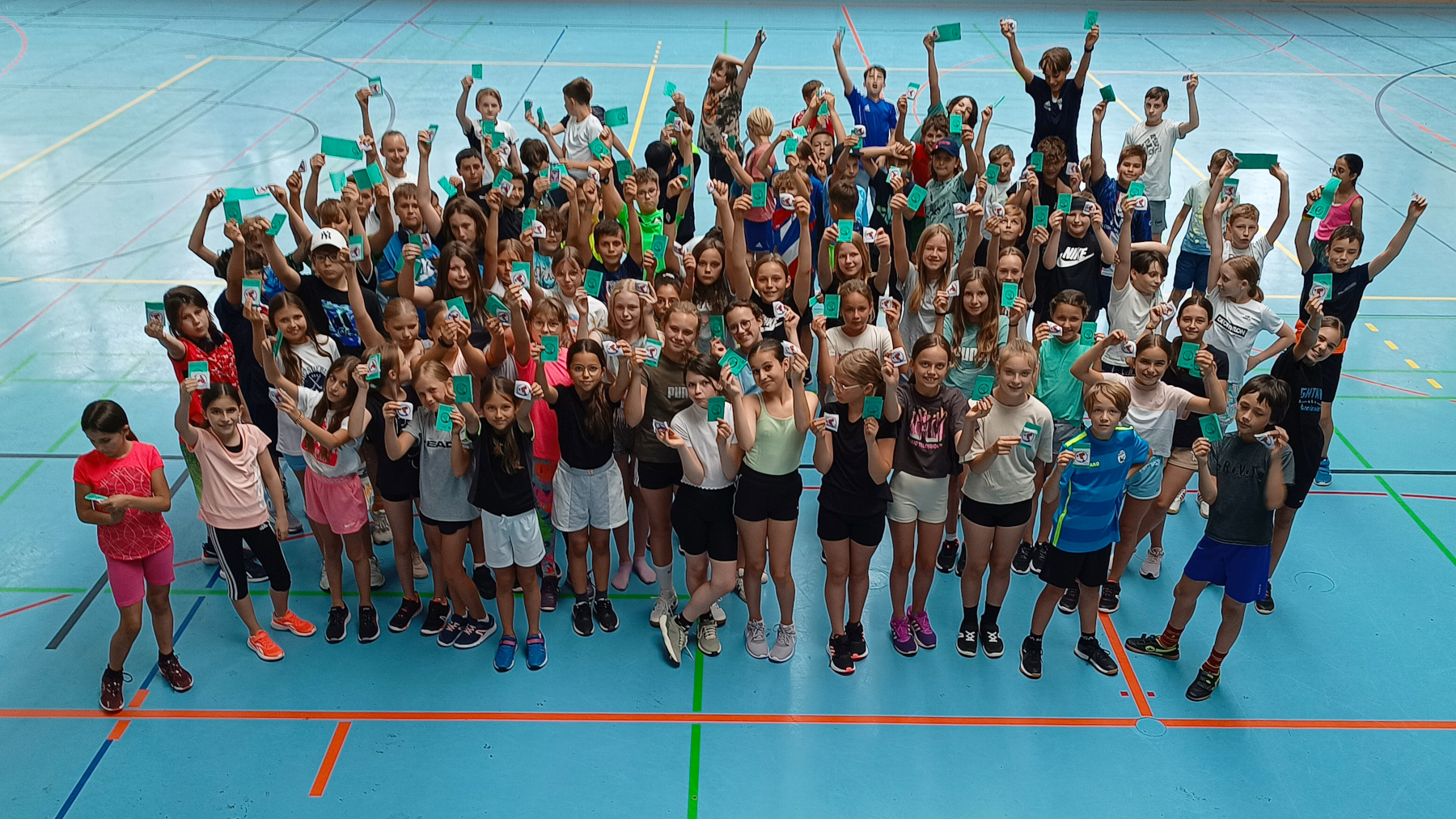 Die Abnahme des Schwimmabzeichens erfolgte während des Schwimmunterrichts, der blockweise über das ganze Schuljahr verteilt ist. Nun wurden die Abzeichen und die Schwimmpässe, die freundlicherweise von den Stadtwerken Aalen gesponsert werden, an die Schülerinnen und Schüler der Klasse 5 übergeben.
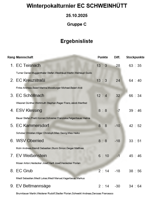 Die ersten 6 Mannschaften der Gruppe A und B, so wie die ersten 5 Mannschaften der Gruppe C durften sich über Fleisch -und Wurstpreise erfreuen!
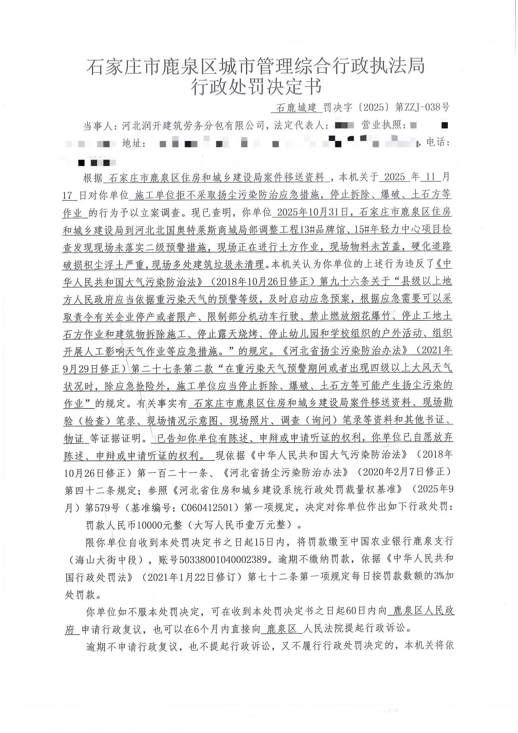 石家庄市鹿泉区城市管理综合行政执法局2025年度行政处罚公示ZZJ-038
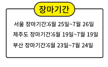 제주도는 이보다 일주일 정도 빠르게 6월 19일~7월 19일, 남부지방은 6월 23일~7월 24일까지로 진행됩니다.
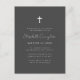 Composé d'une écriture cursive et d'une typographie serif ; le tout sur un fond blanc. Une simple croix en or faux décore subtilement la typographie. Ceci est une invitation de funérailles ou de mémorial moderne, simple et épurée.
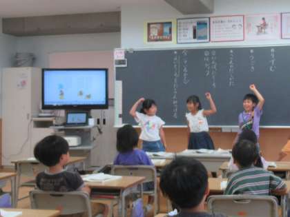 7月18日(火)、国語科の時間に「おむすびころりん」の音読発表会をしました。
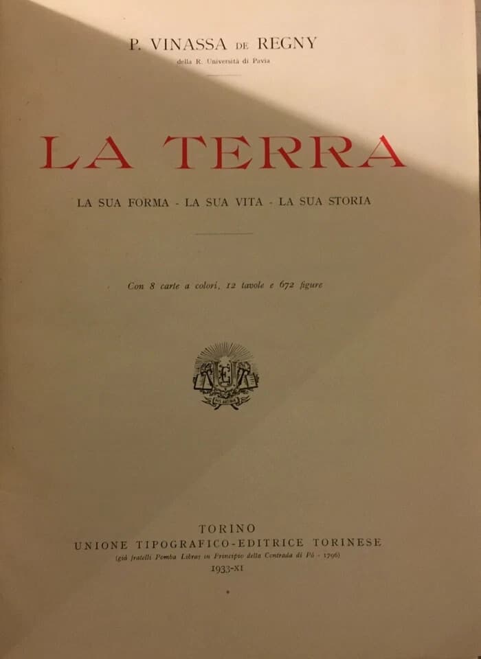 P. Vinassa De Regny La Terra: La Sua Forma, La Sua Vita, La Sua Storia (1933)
==
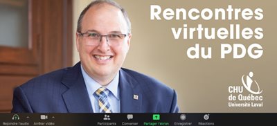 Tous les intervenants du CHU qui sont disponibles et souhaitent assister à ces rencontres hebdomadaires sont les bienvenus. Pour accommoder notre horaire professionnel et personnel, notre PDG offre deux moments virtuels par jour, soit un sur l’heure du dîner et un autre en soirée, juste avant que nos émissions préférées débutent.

◆ WHAT YOU HAVE TO DO: What are the lines above from the one with "Die ersten 6" to the one with "P. Vinassa De", both included? Reproduce them exactly, without pictures.

◆ REPLY TO THE EXERCISE:
 Die ersten 6 Mannschaften der Gruppe A und B, so wie die ersten 5 Mannschaften der Gruppe C durften sich über Fleisch -und Wurstpreise erfreuen!
 石家庄市鹿泉区城市管理综合行政执法局2025年度行政处罚公示ZZJ-038
 제주도는 이보다 일주일 정도 빠르게 6월 19일~7월 19일, 남부지방은 6월 23일~7월 24일까지로 진행됩니다.
 Composé d'une écriture cursive et d'une typographie serif ; le tout sur un fond blanc. Une simple croix en or faux décore subtilement la typographie. Ceci est une invitation de funérailles ou de mémorial moderne, simple et épurée.
 7月18日(火)、国語科の時間に「おむすびころりん」の音読発表会をしました。
 P. Vinassa De Regny La Terra: La Sua Forma, La Sua Vita, La Sua Storia (1933)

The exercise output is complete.